- 
                Notifications
    
You must be signed in to change notification settings  - Fork 32
 
Description
This discussion about a (perfectly valid) use of Zstandard for WARCs made me reflect on some longstanding problems in the web archiving community. For years, many web crawlers have failed to comply with the WARC specifications. If we want to build a stronger, more reliable foundation for web archiving, it is time we address these issues openly.
This post focuses on a particularly troubling practice: web crawlers that modify WARC records to "support" HTTP/2 archiving.

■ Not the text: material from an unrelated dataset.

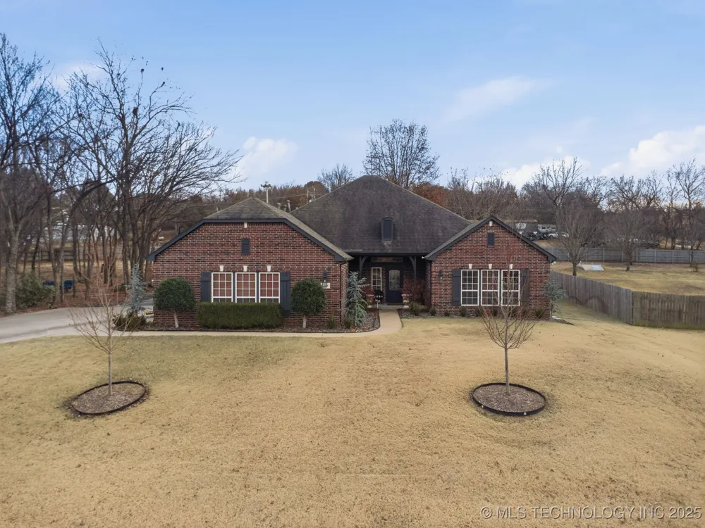 Designed for comfort today and flexibility for the years ahead, this beautifully maintained single-level home offers timeless style and thoughtful functionality for every stage of life. Nestled in a quiet neighborhood with exceptional access to major highways, this home blends peaceful living with everyday convenience. Designer finishes and quality craftsmanship are showcased throughout, including a stunning floor to ceiling stone fireplace and wood beam-accented ceilings that create a warm, inviting focal point. The home and bathrooms are handicap accessible, making it ideal for aging in place or multigenerational living, without sacrificing design or comfort.This highly functional floor plan includes 3 bedrooms, 2.5 baths, and a versatile second living area that could easily serve as a forth bedroom, home office, or flex space. Exceptional storage throughout, an incredible laundry room, and a spacious 3 car garage with built in shelving add to the home's everyday ease. Situated on approx. 0.70 acres, the property is professional landscaped and equipped with an irrigation system and leaf-guard gutters. meticulously cared for and move-in ready, this home offers space, accessibility, and peace of mind in a setting designed to grow with you.

Example 1: Common Crawl’s Nutch
Common Crawl’s Nutch crawler rewrites HTTP/2 responses as if they were HTTP/1.1, thereby falsifying the captured records.
- Commit introducing the falsification mechanism: commoncrawl/nutch@5f43692
 - Public discussion of this approach: WARC writer support HTTP/2 commoncrawl/nutch#29
 
The result? Petabytes of falsified WARCs. (unless I am mistaken and Common Crawl uses another, spec compliant, crawler)
Example 2: Heritrix' FetchHTTP2 module:
This module enables kind of the same thing as the Nutch code. I know for a fact that it was not used by the Wayback Team when I was there. (it was actually created after I left)
Someone from there could confirm if it's actually used or not. (AFAIK this module is luckily not enabled by default..)
Example 3: Storm Crawler
Storm Crawler is much smaller in scope than Nutch, so I hope it has not been widely adopted by the archiving community. However, it too produces bad WARC records.
As their own README states:
“The WARC file format is derived from the HTTP message format (RFC 2616) and the WARC format as well as WARC readers require that HTTP requests and responses are recorded as HTTP/1.1 or HTTP/1.0. Therefore, the WARC WARCHdfsBolt writes binary HTTP formats (eg. HTTP/2) as if they were HTTP/1.1. There is no need to limit the supported HTTP protocol versions to HTTP/1.0 or HTTP/1.1.”
In other words: instead of preserving the response as-is, the crawler rewrites it into something it never was. Worse, Storm Crawler also deletes certain HTTP headers outright and modifies responses because it cannot handle them faithfully. (That broader problem deserves its own discussion.)
I hope this summary helps spark a serious conversation within the web archiving community. Some may argue that aspects of the specification should evolve—and of course MAYBE they should! All conversations are welcome.
But please, stop creating falsified HTTP records. Stop claiming compliance with the WARC specification when it is clear you are not. The credibility of our archives depends on it, and if we want a reliable future for web archiving, we must start by respecting the specifications we already have. Let's work together to properly support HTTP/2 (and 3) in the next version of the WARC spec.